-- Source material follows --
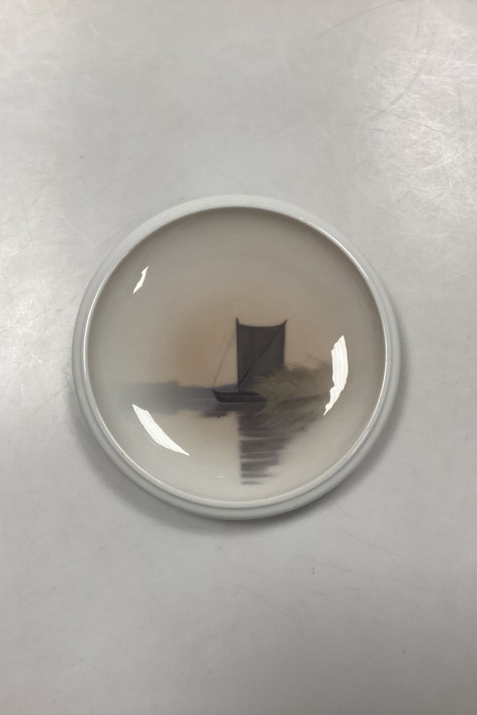 Royal Copenhagen Plate/Dish No. 2506/2568. Motif with sailboat in the evening twilight.Measures 18 cm / 7.08 in. 1st Quality. In fine condition.
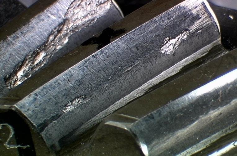 點蝕破壞是由於節線附近的赫茲應力和滑動接觸應力而引發的。當配合表面的凹凸接觸時,負荷是赫茲應力和拉伸應力的複雜組合。如果繼續操作,可能會出現微裂紋。裂痕將繼續生長,直到粗糙體自行分離,留下「凹坑」。 珠擊處理後進行表面光潔度改進製程對於對抗點蝕疲勞非常有益。經由去除珠擊留下的凹凸不平,接觸面積分佈在更大的表面積上。 |
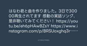 はなわ君と曲を作りました。3日で30000再生されてます😃
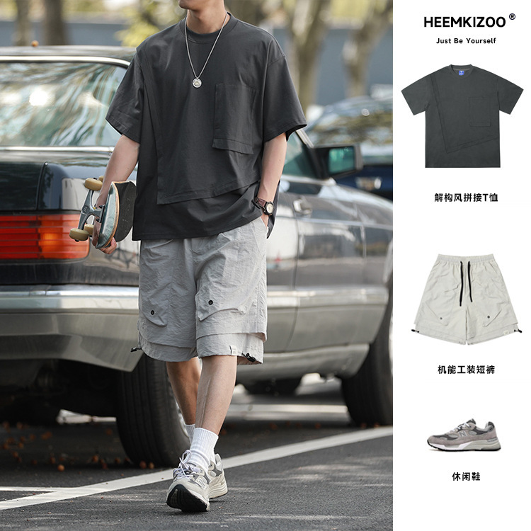 FBUF Elastic Solona Cool 310g 무거운 일본 여름 소년 해체 바람 스티칭 크루 넥 짧은 소매 티셔츠스토어 가기
-- Source material concluded --
▶ **Task to complete**:
Copy the material verbatim. The pictures are not part of the copy.

▶ **Solution to the exercise**:
 Royal Copenhagen Plate/Dish No. 2506/2568. Motif with sailboat in the evening twilight.Measures 18 cm / 7.08 in. 1st Quality. In fine condition.
 點蝕破壞是由於節線附近的赫茲應力和滑動接觸應力而引發的。當配合表面的凹凸接觸時,負荷是赫茲應力和拉伸應力的複雜組合。如果繼續操作,可能會出現微裂紋。裂痕將繼續生長,直到粗糙體自行分離,留下「凹坑」。 珠擊處理後進行表面光潔度改進製程對於對抗點蝕疲勞非常有益。經由去除珠擊留下的凹凸不平,接觸面積分佈在更大的表面積上。 |
 はなわ君と曲を作りました。3日で30000再生されてます😃
 FBUF Elastic Solona Cool 310g 무거운 일본 여름 소년 해체 바람 스티칭 크루 넥 짧은 소매 티셔츠스토어 가기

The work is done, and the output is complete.